W3C home > Mailing lists > Public > public-html-a11y@w3.org > March 2012

Re: Drop longdesc, get aria-describedat?

From: John Foliot <john@foliot.ca>
Date: Wed, 07 Mar 2012 20:56:28 -0500
Message-ID: <20120307205628.54907apa3kn00k3w@wats.ca>
To: Silvia Pfeiffer <silviapfeiffer1@gmail.com>
Cc: Leif Halvard Silli <xn--mlform-iua@xn--mlform-iua.no>, Richard Schwerdtfeger <schwer@us.ibm.com>, W3C WAI-XTECH <wai-xtech@w3.org>, HTML Accessibility Task Force <public-html-a11y@w3.org>
Quoting Silvia Pfeiffer <silviapfeiffer1@gmail.com>:

>>> > So, the process is the reason we can't say 'use @aria-describedat' ...
>>
>> Heavens, no!
>>
>> Explain to me, if you think the process is at fault, why we should drop
>> everything currently in process to create a substitute for  
>> something that already exists. Please explain this wisdom, because  
>> it sounds like folly to me.
>
>
> It is the reason you brought up. So, if you don't mind, could you
> explain the process that you foresee for the introduction of
> @aria-describedat and how long it will take before we get such a
> specification?
>

Hi Silvia,

There is "Process" and then there is process, and it is the second  
"small P" problem I think we are grappling with. At issue is that it  
takes considerably longer to get robust support for new additions to  
accessibility accommodations, in part because there are more than just  
a hand-full of browser engineers involved.

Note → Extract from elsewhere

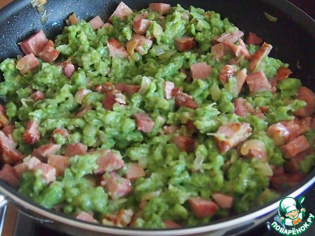 • Добавить в сковороду галушки, перемешать, прогреть, возможно, посолить. Соль в рецепте не указываю, так как и мясо все-равно остается солоноватое и сыр тоже соленый, но вы ориентируйтесь по своему вкусу.
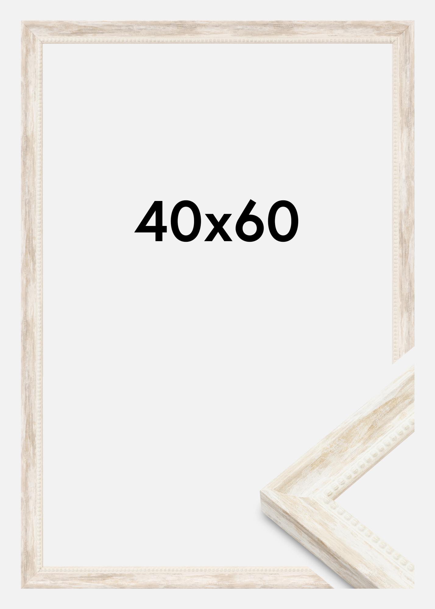 Тази красива фоторамка с размер 40x60 см е перфектната комбинация от рустикален чар и елегантност. Със своя бял цвят и ненатрапчива антична визия, тя е отличен избор за подчертаване на вашите любими произведения на изкуството или фотографии. Декоративният перлен кант по вътрешността на рамката придава класически и детайлен дизайн, който подхожда както на модерни, така и на традиционни интериори.

The process of speccing out  
a new attribute, of getting it deployed, tested and then "spreading  
the authoring word" so that it starts to get up-take takes time,  
sometimes a long time. There are also a plethora of AT tools  
(including numerous screen readers) which also need to 'catch up' to  
the spec/standard - and we are still seeing tools just now starting to  
adopt ARIA. However unlike some of the newer features of HTML5 that  
have spotty support across browsers today ("Best viewed in Chrome"  
anyone?), which simply means that some users cannot take advantage of  
wowser features today, it's no big deal for most users. For example, I  
am sympathetic to a point with the current thinking of some members of  
the CSS Working Group to start adopting -webkit- prefixes even if they  
are not webkit based browsers (although I disagree with their  
position), but truthfully, while I appreciate 'artistic concerns"  
here, they pale to accessibility concerns (at least for me).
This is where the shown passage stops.